The complaints about the urinary tract and acid-reflux problems are not properly before this Court. As noted by the Board, the compensability of treatment for those conditions was not presented to the ALJ in any form. Moreover, there is substantial evidence in the record to indicate that the urinary tract infection would not be caused by a back injury . There is nothing in the record to indicate that the AU misstated the evidence. An ALJ has the authority to draw any reasonable inference from the evidence represented. Jackson v. General Refractories Co., 581 S.W.2d 10 (Ky. 1979). In addition, there is no evidence of any bias against Gribbins by the ALJ. The mere fact that he may rule against a claimant is not evidence of bias or prejudice. A review of the transcript indicates nothing that would imply any improper behavior by the ALJ. Evidence of bias and prejudice must be actual and not a mere perception by a party. There must be supporting documentation and information presented to any reviewing authority before bias or prejudice can be imputed to the finder of fact. Cf. Foster v. Commonwealth, 348 S.W.2d 759 (Ky. 1961).
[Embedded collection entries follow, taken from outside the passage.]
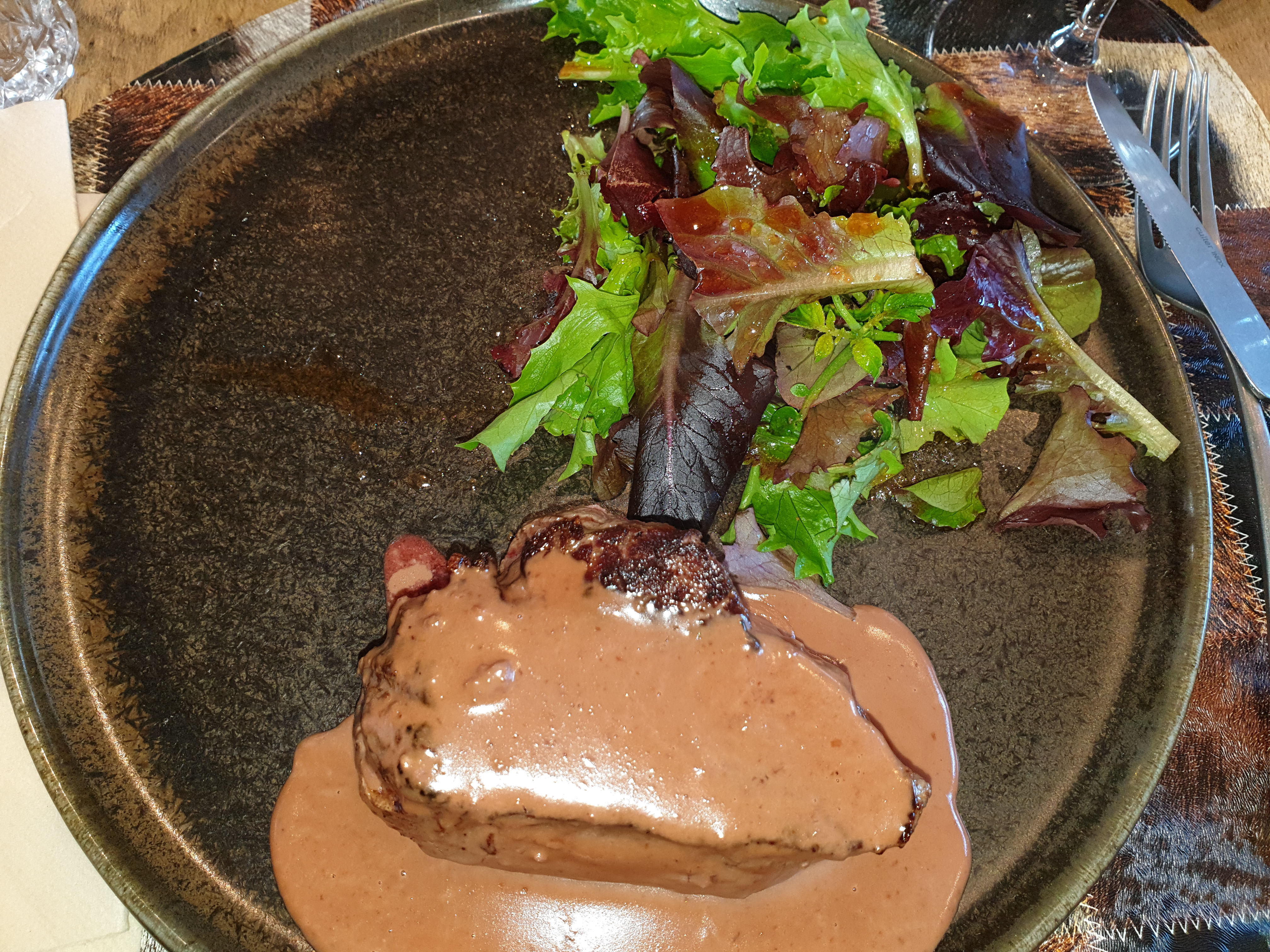 Belle découverte, croquettes délicieuses. La sauce du chef qui accompagne le steak, une belle surprise... Nathalie est souriante et le chef vient demander si nous sommes contents, que vouloir de plus
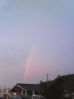 前日の夜、あんなに綺麗な星空だったのに、朝は小雨がぱらつく天気。みんなで歩いて港まで歩いていると、綺麗な朝焼けと、綺麗な虹が。。。虹も全体的に朝焼け色に染まってました(^^)
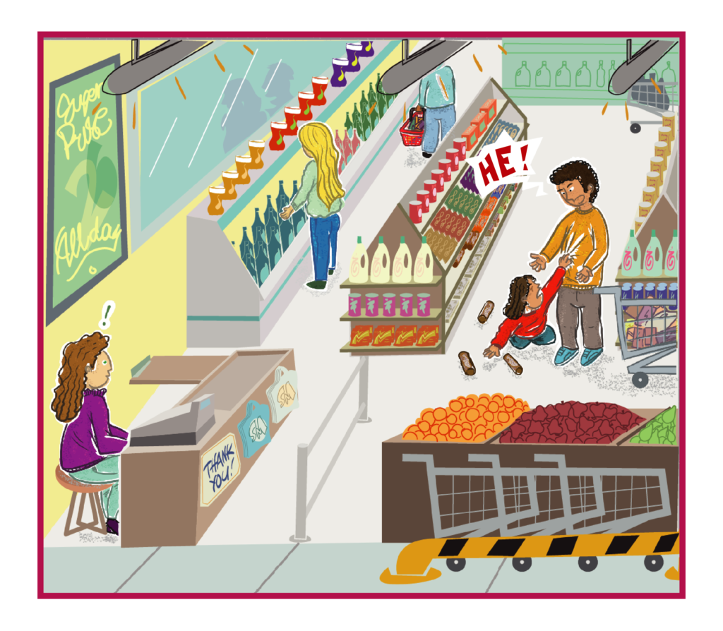 Налазите се у продавници са својим двогодишњом ћерком Теодором која ту налази обиље интересантних ствари, попут чоколаде, пластичних посуда и новина. Жели да их ставите у корпу и купите. Али вама они нису потребни и говорите јој да их остави. Теодора тражи да јој купите три кутије омиљеног кекса. Говорите јој:“Не, Теодора, имамо код куће тај кекс. Молим те врати га на полицу!“ Али Теодора вас не слуша и инсистира на томе да јој купите баш тај кекс. Почиње да пада у тантрум и не делује да ће се у скорије време смирити.
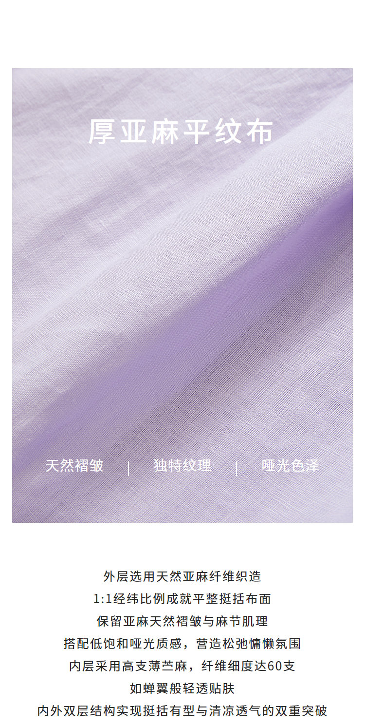 外层:香芋紫亚麻——自带天然「褶皱滤镜」,
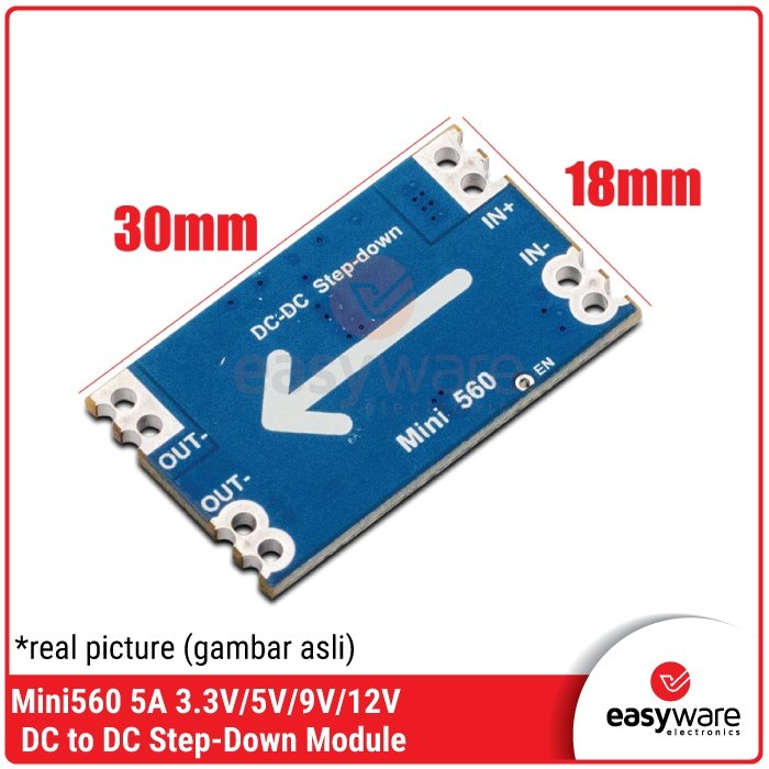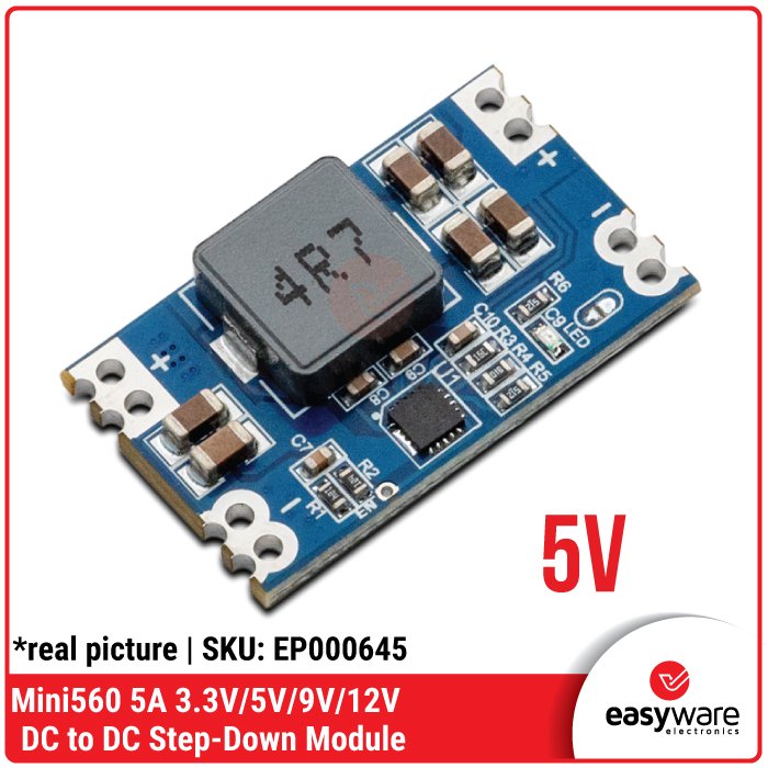 • MINI560 DC-DC Step Down Module 5A - Buck Converter Output 3.3V, 5V, 9V, 12V Fixed
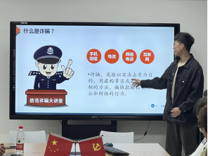 3月5日是第60个学雷锋纪念日,也是第24个中国青年志愿者服务日。为深入学习贯彻党的二十大精神,贯彻落实习近平总书记关于志愿服务工作的重要指示精神,进一步弘扬“奉献、友爱、互助、进步”的志愿精神,3月11日,太阳集团tcy8722“新叶”志愿服务队在学院会议室开展“防诈骗你我同行”反诈宣讲活动,增强同学们对电信网络诈骗犯罪的辨别能力和应对能力,提高防范意识,远离网络诈骗,打造平安、和谐校园环境。
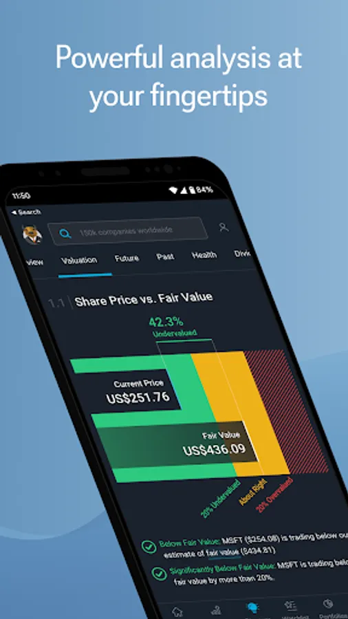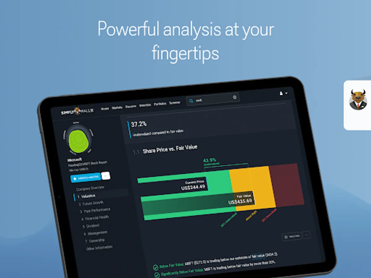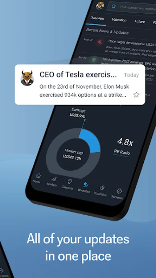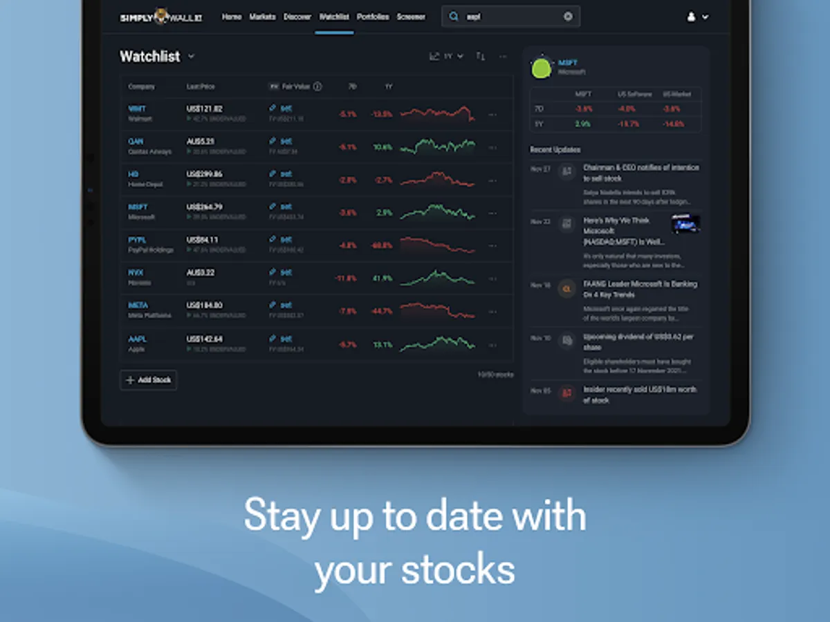 Stay up to date with important events and news on your stocks like earnings, insider trades and dividends. Your dashboard is the hub for all the latest developments on your stocks.You can also be notified of important developments. Data and analysis is updated regularly, identifying opportunities as fast as possible.

A careful review of the record in this case demonstrates that the ALJ considered all of the lay and medical evidence in the record in very great detail. The Board, in a unanimous opinion, determined that it was well within the province of the AU to rely on the medical testimony presented by the employer. The Board correctly determined that it did not have the authority to overrule the ALJ or to substitute its judgment for his in matters involving the weight to be afforded the evidence in questions of fact. The Court of Appeals correctly stated that the evidence here was not so overwhelming as to require it to supersede the findings of the ALJ.
There was substantial evidence upon which the ALJ could rely and, consequently, the Board and the Court of Appeals were correct in their decisions. The Court of Appeals correctly followed the requirements of Western Baptist Hosp. v. Kelly, 827 S.W.2d 685 (Ky. 1992).
The opinion of the Court of Appeals is affirmed.
All concur except Graves, J., who concurs in result only.